The first job, named Data preparation, retrieves and stocks external data on an Amazon S3 lake.

This example is base on a small dataset, that is, about 50,000 texts.

The second job, named Clean data, is for data preprocessing.

It retrieves the data from the data lake and processes it, by removing all non-text elements that could interfere with the model learning, such as HTML tags. In other words, it cleans the data and saves it in the data lake.

This job can be an external job. For more information, see Using an External Job to Clean Up Data.

The third job, named Finetune a pretrained model, will learn our model using the cleaned data.

The model used here is a pretrained model called BERT, whose goal is to understand a broad-based text.

This job will fine-tune the pretrained model on custom data to predict the polarity of a text.
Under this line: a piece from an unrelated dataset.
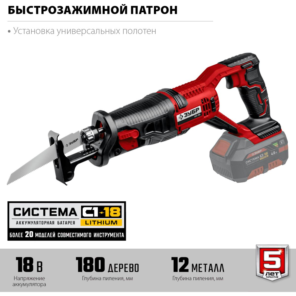 Сабельная пила Зубр СПЛ-185 аккум. 2600ход/мин

Everything done during this learning process is stored in an MLFlow app. You can access the app and the detailed logs of this third job from the project’s app library, by clicking Open open external on the relevant app card. The MLFlow app opens in a new tab. Click a row in the table to access the job parameter details of one of the job iterations.

From this job, you will be able to modify many model hyperparameters, such as the learning rate, to improve or not the model. This means that you can run the job multiple times with different job parameters or not to get broader results. Indeed, it is recommended to run this job several times because the model often learns differently with each new hyperparameter settings.

When the learning curve eventually stagnate, compare the learning between two models and choose the one that best meets your needs.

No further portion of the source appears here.